Source: https://www.universityworldnews.com/post.php?story=20230519155707244
GLOBAL
You have been warned: A breakthrough in rankings is coming
In
a tweet
sent from Tashkent, Uzbekistan, after the closing of the IREG
Observatory on Academic Ranking and Excellence conference I wrote: “IREG
2023 clearly articulated that in the coming years nothing in the world
of rankings will be the same. The main word of the conference was
‘breakthrough’. We discussed where and when it will happen, and we
looked for its first signs…”
Since university rankings have been a hot issue in higher education
debates for a long time and several people have asked me about this
future breakthrough, I will try to explain what I mean.
A view from Central Asia
Far away from the traditional ranking conferences, Tashkent turned out
to be an excellent site for the IREG 2023 Conference. Once, its cities
of Samarkand and Bukhara were a key link on the Silk Road and now
Uzbekistan is a fast-developing country that has made education and
science the basis of its modernisation efforts.
The annual IREG conferences are the world’s only neutral place where
rankers, higher education experts and analysts as well as universities –
often represented by rectors – meet.
The issues discussed there often have a direct impact on rankings and their standards.
Judging by the feedback, IREG 2023 was a creative and refreshing event. Here are three characteristic comments:
• Laylo Shokhabiddinova, head specialist of the international rankings
department at Tashkent State Transport University, said: “From around
the world, we have come to share our experiences, ideas and insights on
ranking in higher education. It has been an eye-opening experience for
me, and I am grateful for the chance to connect and collaborate with
such an esteemed group of professionals. As universities continue to
navigate a rapidly changing landscape, it is more important than ever to
stay connected and learn from each other.”
• Alex Usher, president of Higher Education Strategy Associates, Canada,
stated: “One of the most interesting ranking discussions I’ve heard in
years. The difference in discourse around rankings after leaving a rich
country is huge – here there is much less about marketing and much more
about system control or benchmarking.”
• Komiljon Karimov, first deputy minister of higher education, science
and innovation in Uzbekistan, commented: “I often participate in various
conferences and seminars, but I have not met such a substantive and
engaged discussion for many years.”
The conference in Tashkent showed how pragmatic and hopeful expectations
about rankings are among universities and governments of countries
outside Europe and North America.
They need the rankings as a tool to monitor implementation of reforms in
higher education, to improve the quality of education and not for the
sake of prestige.
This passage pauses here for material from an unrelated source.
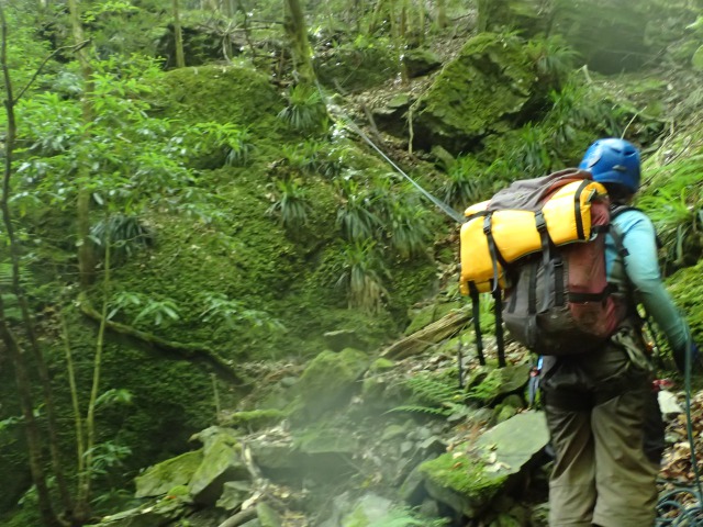 7月23日、24日。今年の沢登りはじめとして、「愛媛の谷」で明るく初心者向けと書いてある、鞍瀬川支流の御祓川本谷へ3人パーティで行った。大滝はなく、淵がある小滝が多い沢である。小滝、3m、5mこれが曲者で、登れそうと思い、泳いで滝にとりつくと、水に磨かれた変成岩で手がかりがすくない。危ういバランス、倒木利用、ナッツ支点を駆使した。滝を攻めるとなると、初心者向きではなく、技術的にはむずかしかった。沢のボルダーか。早めに高巻きすれば問題はないが。滝部に入ってからの高巻きは危ういとこもあった。下山道に使おうとした、記録の道はあれて不明となっている。林道で尾根をこえ滑川へ下山した。いろいろあって12時間ぐらい歩いた。下山やれやれでした。写真には、登るのに一所懸命で、残念ながら滝や泳いでいるところは写っていません。

But this aspect has already been analysed by Usher in
his highly recommended blog under the title “
Rankings Discourses: West, East and South”.
Historical background
So, what new trends and ideas emerged in Tashkent about the global
rankings landscape? To properly interpret new trends, we need to go back
to the turn of the century and the beginning of the era of
massification and globalisation of higher education. The UNESCO World
Conference of 1998 was not able to properly describe this phenomenon.
There was simply no comparable data available. It’s hard to believe, but
the situation has not changed much since.
Concern about this state of affairs was sounded by Philip Altbach 10 years ago in a
University World News article, “
Long-term thinking needed in higher education”,
in which he regretted that none of the global or regional organisations
with the necessary potential and prestige (the UN, UNESCO and the OECD)
had taken the necessary action on data collection.
He even went so far as to say that they had “abdicated” responsibility
from the roles they should perform. He wrote: “There is a desperate need
for ongoing international debate, discussion and regular data
collection on higher education. At present, we have only a fragmented
picture at best.”
Similarly unsuccessful in setting up an updated database was the
European Union. Projects financed by the EU, such as the European
Tertiary Education Register (ETER) had been undertaken but never fully
implemented. This is why rankings, first national, then international,
have been a discovery, introducing ‘countability’ to higher education.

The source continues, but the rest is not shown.